Other porous devices, in addition to the above-mentioned fixation and prosthetic devices, have been implemented by the prior art. One such device, which is disclosed in U.S. Pat. Nos. 5,306,304, 5,464,439, and 4,932,973, disclose an allogenic bone graft membrane having pores therein. The allogenic bone graft membrane is disclosed in these patents as providing a filler for bone defects.
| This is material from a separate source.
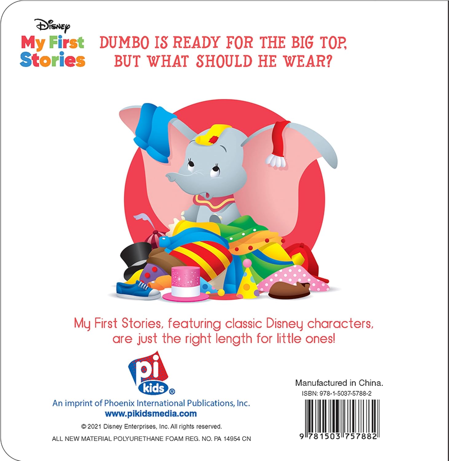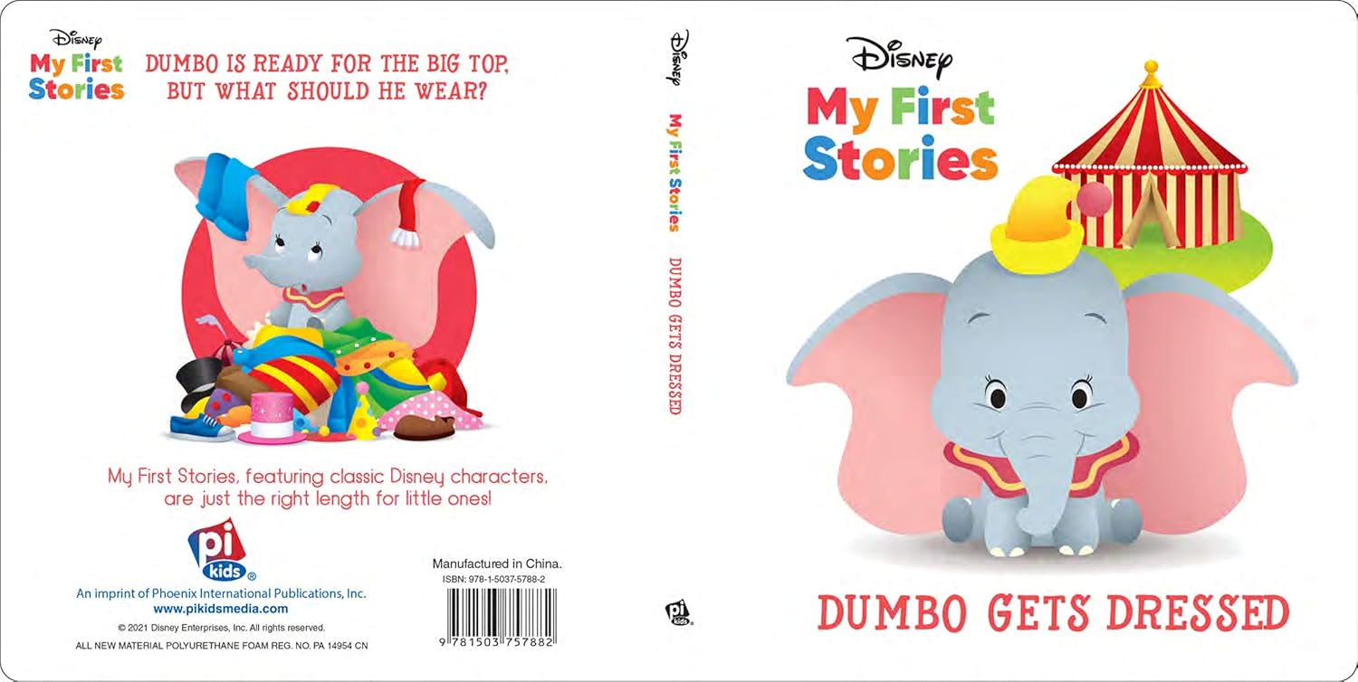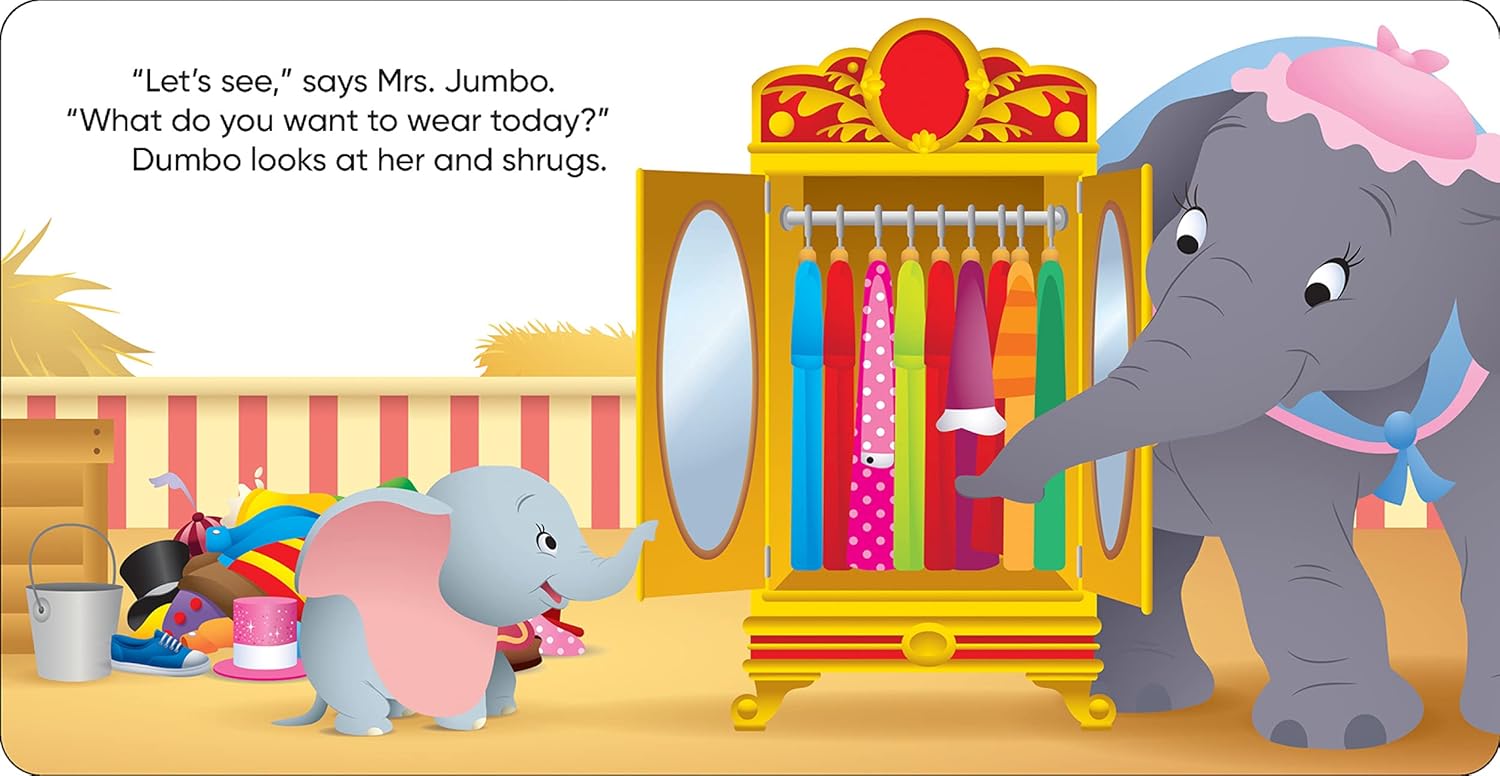 Dumbo is ready for his big-top debut, but what should he wear? My First Stories, featuring classic Disney characters, are just the right length for little ones!

The matrix-like properties of the allogenic bone graft provide osteoconduction, and the morphogenic proteins within the allogenic bone graft provide osteoinductive properties. As mentioned before, an allogenic bone graft is typically harvested from a human cadaver and subsequently processed for implantation. The allogenic bone graft is intended to become integrated with the new bone of a patient and partially remodeled over time into a composite of both cadaver bone and new regenerated natural bone, while permanently remaining within the bone defect area of the patient. The pores in the allogenic bone graft membrane of these patents are designed to maximize the exposed surface area in order to enhance its osteoinductive contribution, as bone morphogenic proteins are released from the surface of the allogenic bone graft. This allogenic bone graft matrix will never be completely resorbed. This is obviously disadvantageous, because its structure reduces the space for new bone regeneration.
Another device, which comprises apertures or pores for facilitating tissue growth therein, is disclosed in U.S. Pat. No. 5,326,356. This patent is directed to an apparatus for generating artificial skin grafts. Bio-compatible membranes comprising natural, synthetic, or semi-synthetic origin are used as a support for the in vitro (outside of a living organism) growth of epithelial skin cells. These epithelial skin cells are grown into the pores of the membrane outside of the body of the patient. The resulting artificial skin graft is obviously not intended for use on the mammalian skeletal system. This artificial skin graft, in any event, would be far too thin and flexible for use on the mammalian skeletal system, and further would not have adequate fixation strength. Moreover, the epithelial cells which comprise the artificial skin graft are not present in the non-periodontal and non-oral applications, such as long bones, where a cell-permeable membrane is needed in the prior art for facilitating bone regeneration.